Я подглядываю. Это старое видео с большим шумом и чёрными полосами.
— Это я! — Она с энтузиазмом указывает на себя.
На ней кимоно, она эффектно двигается на татами, сражаясь с партнёром.
Доме гордо кивает.
— Архивы Альянса, офис в Оттаве.
— О, Боже, а это… — она трогает другую студентку с нежностью и снова смеётся. — И вот здесь Рокс и Нико!
— Ох, это должно было быть больно, — хвалит мой брат её последний удар. — Ты была очень хороша, да?
— Я была лучшая.
Она делает высокомерное лицо, и Доме поднимает руки в жесте мира, прежде чем снова показать ей другое видео, а потом фотографию на выпускной доске.
— О, вау. Ты закончила в 19 лет?
Колетт гордо выпрямляется. Для охотников нормально заканчивать учебу в 21–23 года.
Я не могу оторвать глаз от них: она и мой брат сидят вместе, совершенно спокойно, как будто это их обычная жизнь, они копаются в прошлом. Мне нравится. Видеть их такими расслабленными, как в какой-то повседневной сцене, и думать, что это возможно — что это может быть моим будущим. Колетт и моя семья.
— Эй… а что с твоей прической и плечиками? — подшучиваю.
Она толкает меня в плечо.
— Молчи уже, миллениал.
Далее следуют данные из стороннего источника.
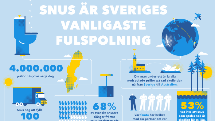 Svenskt vatten har nyligen gjort en undersökning för att ta reda på varför så många slänger snus i toaletten. I Kungsbacka kommun spolas det varje dag ner 30500 snusprillor i toaletten, vilket i sin tur blir till 11,1 miljoner snusprillor per år.

Вы вообще не понимаете в моде.
— Нормально, что ваше поколение пристрастилось к наркотикам; тяжело пережить то, что я сейчас вижу.
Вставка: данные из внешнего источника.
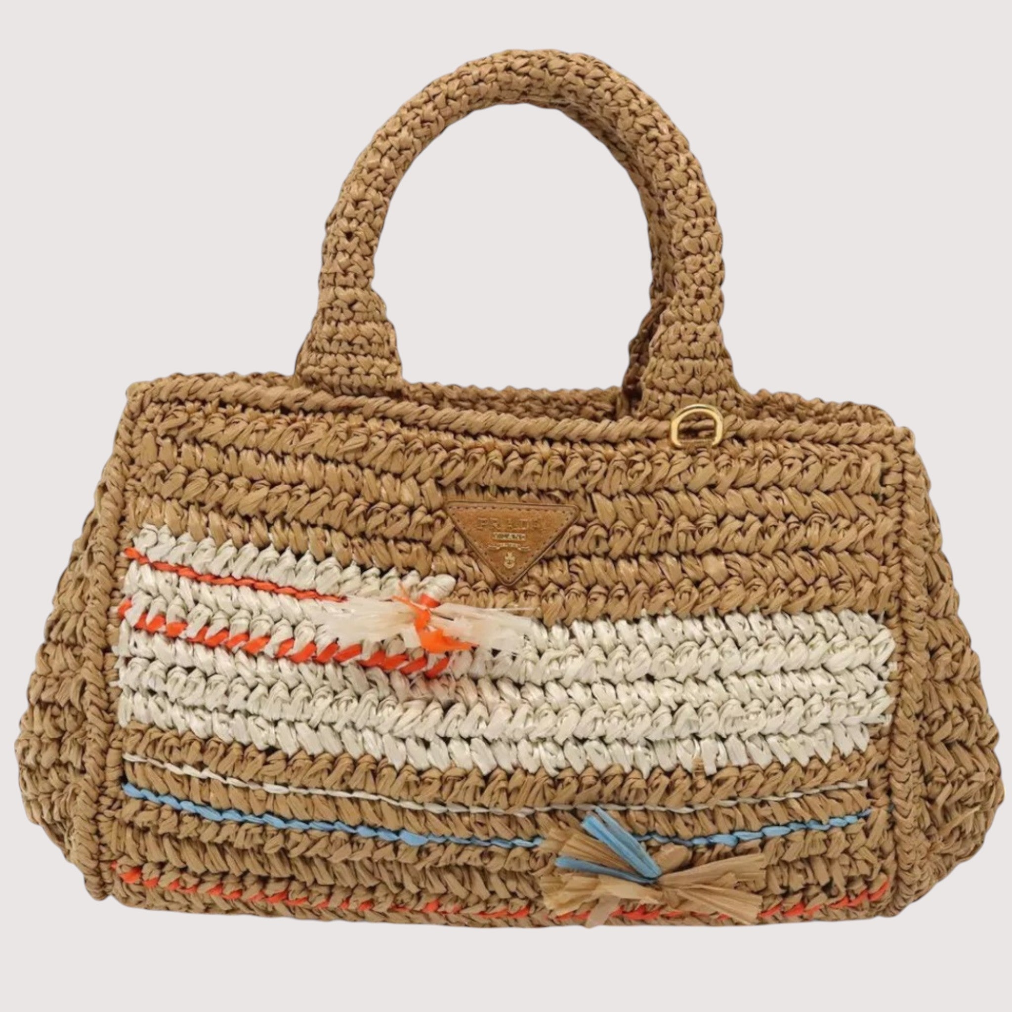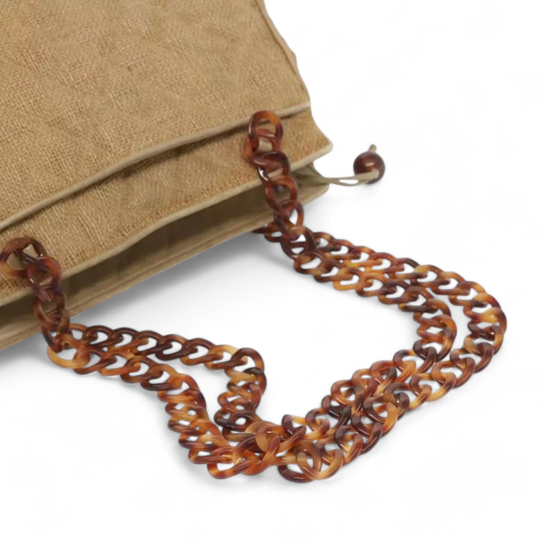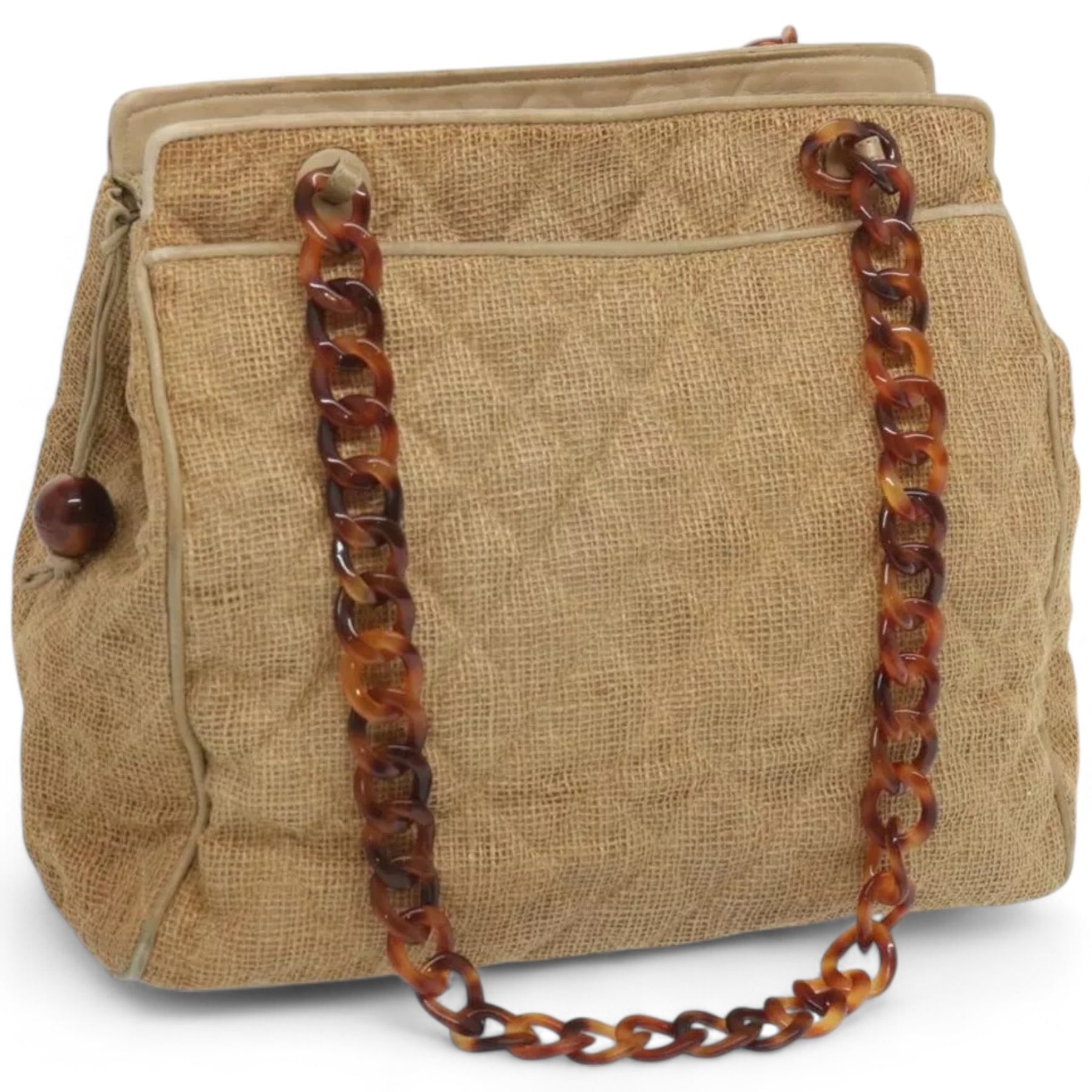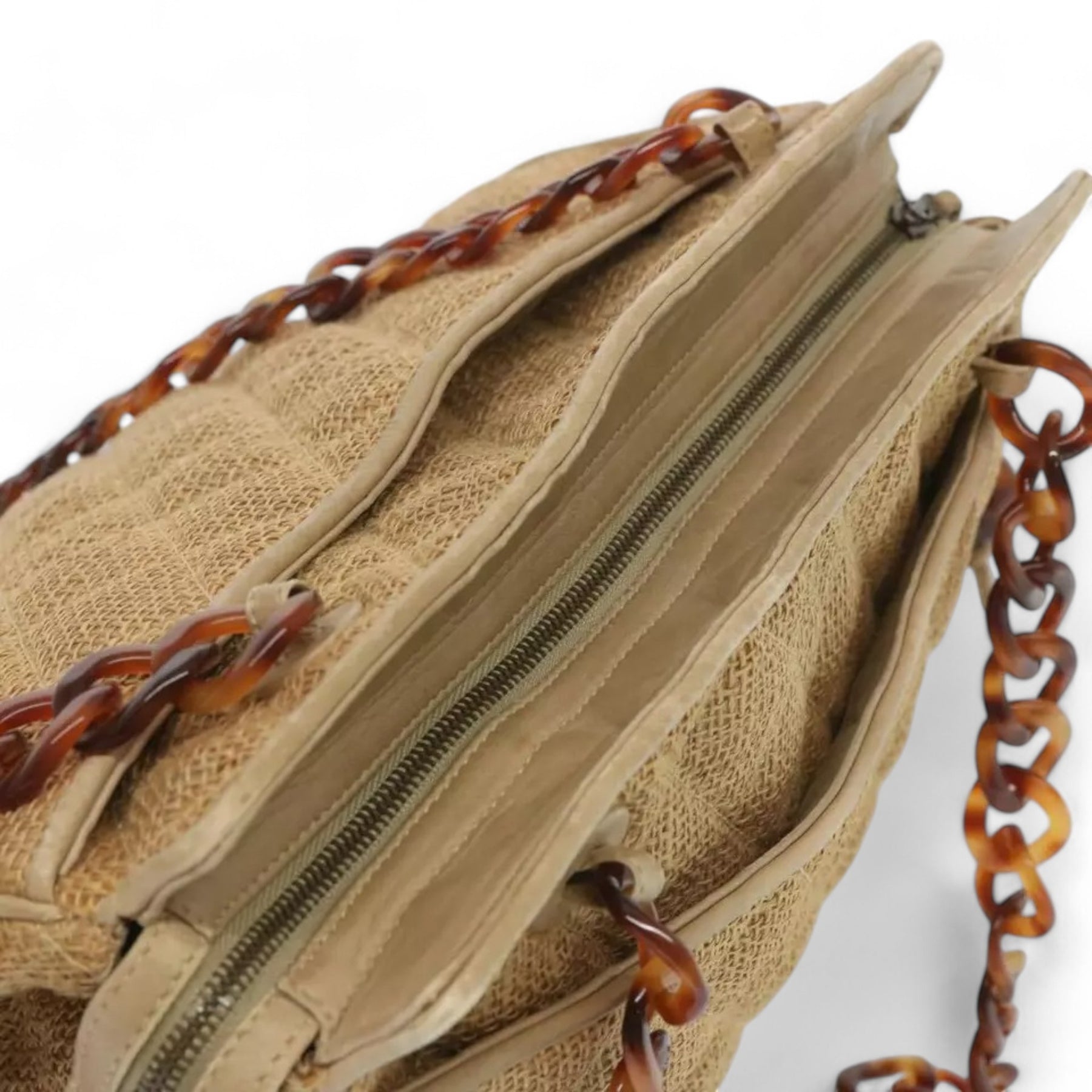 Chanel Matelasse Tote Bag Straw Brown CC Auth Quilted Chain Strap

— Колетт? — Голос её отца, слабый и беспомощный, прерывает нас, его взгляд всё ещё не может сфокусироваться.
Он встаёт, но не двигается, нерешительный.
— Колетт? — снова зовёт он, поднимая руку с датчиком пульса.
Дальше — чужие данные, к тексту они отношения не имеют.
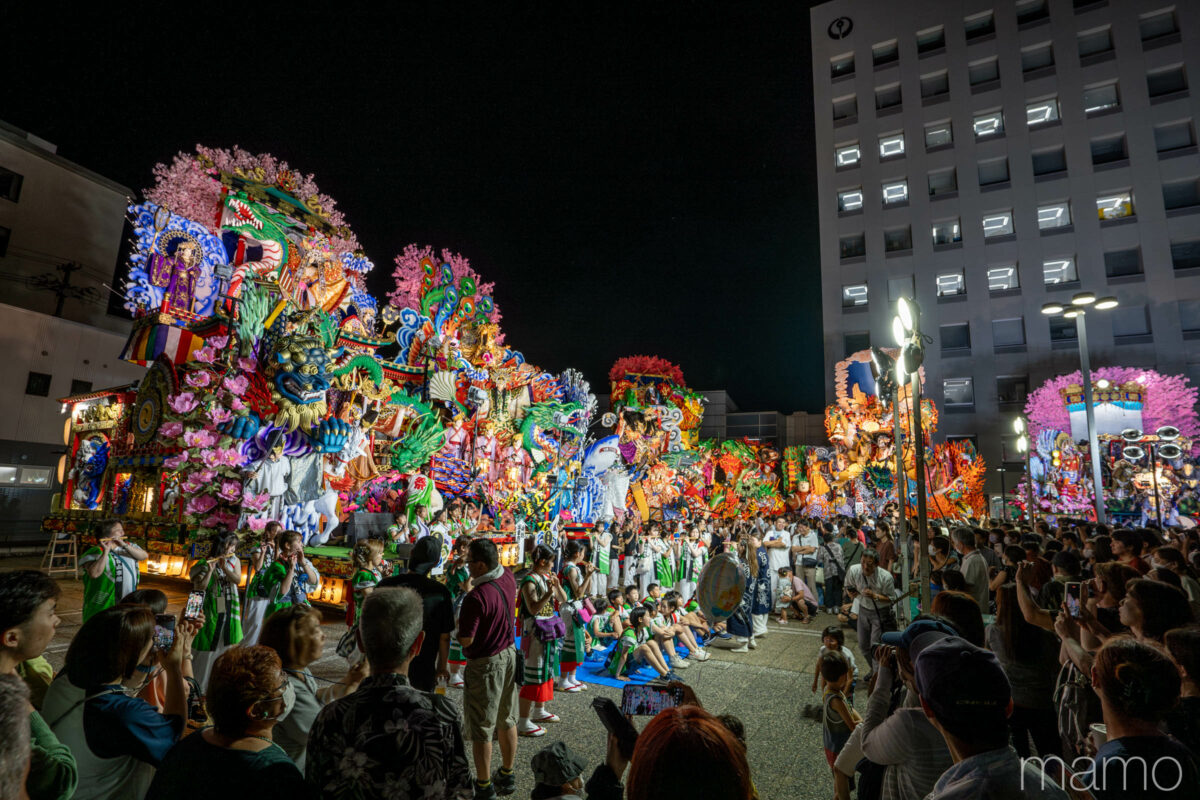 大小さまざまな27台の山車、古式ゆかしい神社行列、観客に向けてパフォーマンスを繰り広げる虎舞に、一糸乱れぬ歯打ちを披露する神楽。かつて城下町として栄えた中心街に、南部八戸ならではの豊かな表情と熱気が充満します。

— Я… я здесь, — осторожно отвечает она.
Его зрачки наконец-то находят её, и он улыбается, облегчённо.
— Моя девочка. — Он делает жест, чтобы она подошла. Она подходит, всё ещё сомневаясь. Кажется, мы все затаили дыхание, ожидая.
— Я здесь, папа. — Она нежно берёт его протянутую руку и прижимает её к груди.
Он закрывает глаза.
— Мне снилась кошмар… — Он медленно открывает глаза и оглядывается. — А мама? Анджела? Анджела?
Колетт берёт его лицо в ладони, чтобы он сосредоточился на ней и перестал пытаться встать, чтобы посмотреть через дверь.
— Она пошла гулять с бабушкой. Скоро вернётся.
Мистер Питер расслабляется и легко похлопывает её по руке.
— Хорошо, хорошо. — Вздыхает, и кажется, что он снова хочет заснуть, но снова открывает глаза и смотрит на неё с любовью. — Моя девочка… Смотри, какая ты большая. — Он поднимает дрожащие пальцы, и она наклоняется, чтобы он мог погладить её лицо, сдерживая слёзы. — Такая красивая, как твоя мама. Ты всегда была её светом. И всей моей яростью. — Наверное, его губы чувствуют себя очень странно и неуклюже, когда он пытается улыбнуться. Должно быть, такое хорошее обезболивающее, что ему вкололи. — Я так горжусь тобой, моя маленькая серебряная ножка.